Fermi's Golden Rule

Fermi's Golden rule is used to calculate the probability (per unit time) of a quantum mechanical transition between two particles ( a and b) in an initial quantum state $i$ to two particles ( c and d) in a final state $f$.

a + b $\rightarrow$ c + d

where a is the incoming particle and b is the target particle.

Although Fermi first coined the term "Golden Rule", Dirac developed most of the machinery.

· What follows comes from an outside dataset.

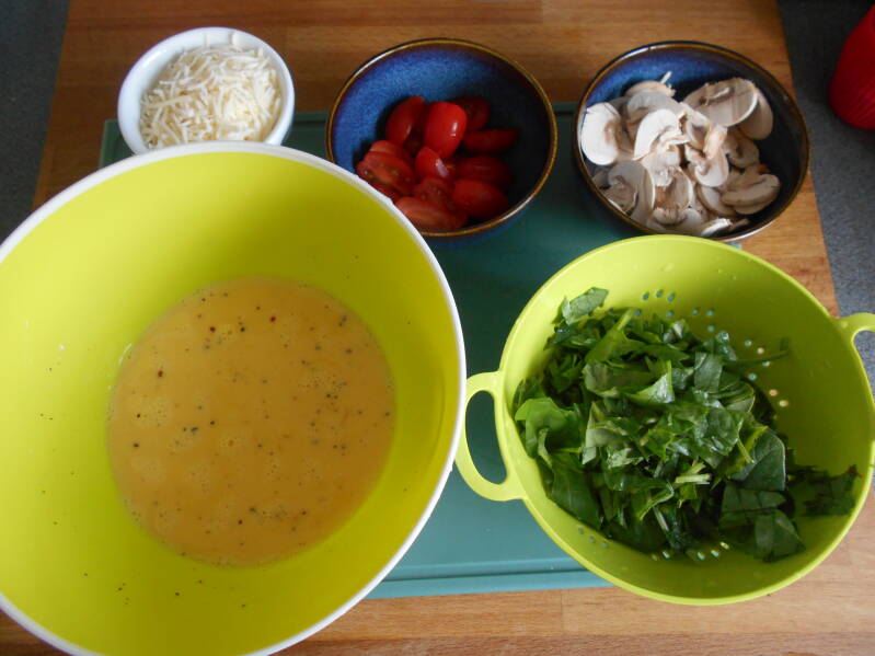 - verdeel het eimengsel over de muffinvorm, vul elk vormpje voor 3/4e

Let $\Phi$ represent the Flux of particle per unit time through a unit area normal to the beam. Then

$\Phi = n_a v_i$

where

$n_a$ = density of particles in the incident beam

$v_i$ = velocity of a relative to b.

The probability the incident particle will hit a target particle is given by the cross-section $\sigma$ times the number of target particles per unit area $(n_b)$.

The number of interactions therefor will be given by

Number of Interactions per unit area per unit second= $n_b \sigma \times \Phi$

The transition rate $(W)$ per target particle $(n_b)$ is

$\frac{W}{n_b} = \sigma \Phi = \sigma n_a v_i$

Solving the above for the Cross section \sigma we have

$\sigma = \frac{W}{n_b \Phi}= \frac{W}{n_b n_a v_i}$

A calculation of the transition rate W si equivalent to calculating the cross section of the scattering process.

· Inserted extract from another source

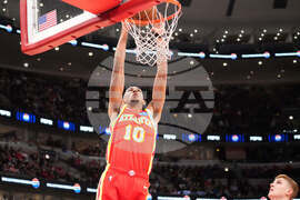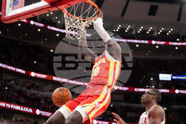 Atlanta Hawks forward Zaccharie Risacher (10) dunks the ball against the Chicago Bulls during the first half of an NBA basketball game Monday, Oct. 27, 2025, in Chicago. (AP Photo/David Banks)

Fermi's Golden rule says that the transition rate $W$ is given by a transition matrix element (or "Amplitude") $M_{i,f}$ weighted by the phase space and Plank's constant $\hbar$ such that

$W = \frac{2 \pi}{\hbar} |M_{i,f}|^2 \times$(Phase Space)

Transition Amplitude

$| M_{i,f}| ^2 \equiv \int \psi_f^{*}(\vec{r}) H_{int} \psi_i(\vec{r}) dr^3$

where

$\psi_i$ = initial quantum state of the system which is an eigenstate of the time independent ("steady state") Hamiltonian ($H_0$)

$\psi_f$ = final quantum state of system after a transition

$H_{int}$ = the part of the total Hamiltonian ($H_{tot}$) which describes the interaction responsible for the transition.

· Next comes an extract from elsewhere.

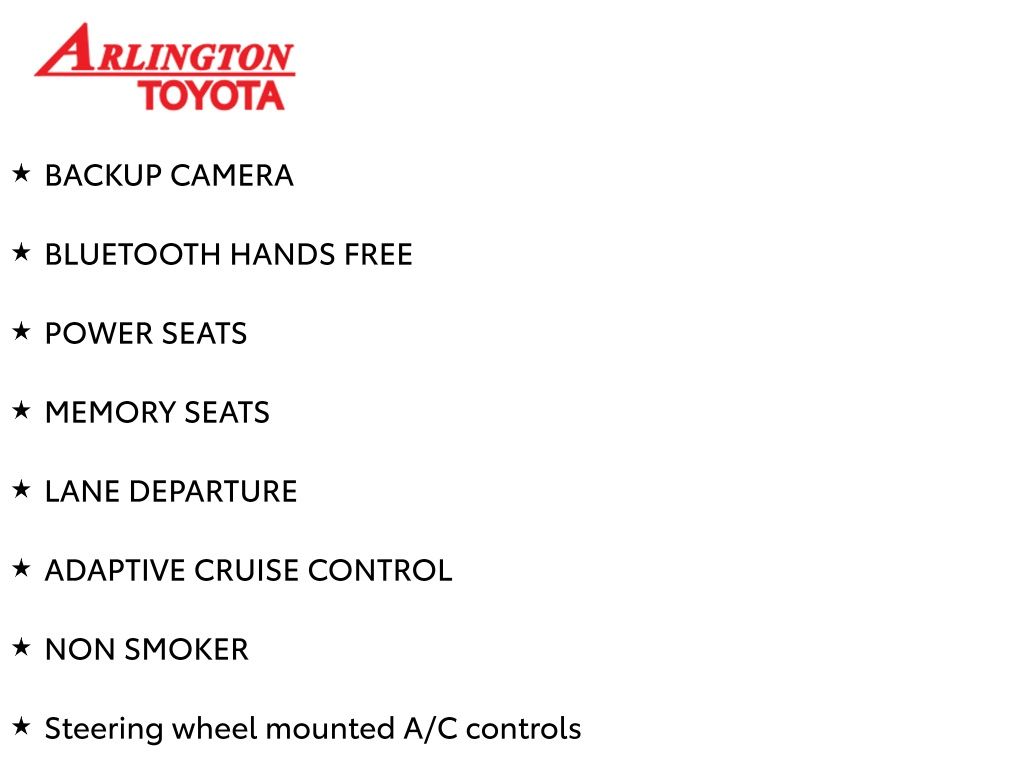 Prices do not include tax, tag, title, a pre-delivery service fee* of $894.00, an electronic registration filing fee* of $199.00 (*these charges represent costs and profits to the dealer for items such as inspecting, cleaning, and preparing documents related to the sale), and an Arlington Toyota Total Value Package of $1,889.00 (*these charges represent costs and profits to the dealer for items such as inspecting, cleaning, and preparing documents related to the sale). The final price is also subject to repair order reconditioning costs. Any price does not include dealer-installed accessories. All offers are mutually exclusive. All vehicles are subject to prior sale. See dealer for complete details.

$H_0$ = Unperturbed ("steady state") Hamiltonian

$H_{tot} = H_0 + H_{int}$ = total Hamiltonian describing the quantum mechanical system

$dr^2$ integration over all space

The off diagonal elements of the $M_{i,f}$ matrix tell you the transition probablility.

Stationary State

The stationary state system is given by the solutions of the schrodinger equation for H_0

$i \hbar \frac{\partial \psi_i}{\partial t} = H_0 \psi_i$

$\psi_i = u_n e^{-\frac{i E_n}{\hbar}t}$

where

$H_0 u_n = E_n u_n$

$E_n$ = energy eigen values

Interaction Hamiltonian

$H_{int}$ = Interaction Hamiltonian = perturbation to $H_0$ which causes a transition/interaction. The time dependent schrodinger equation for this perturbation is:

$i \hbar \frac{\partial \psi}{\partial t} = (H_0 + H_{int} ) \psi$

One can write the solution $\psi$ in terms of a linear combination of the basis functions $(u_n)$ from the Stationary State solution.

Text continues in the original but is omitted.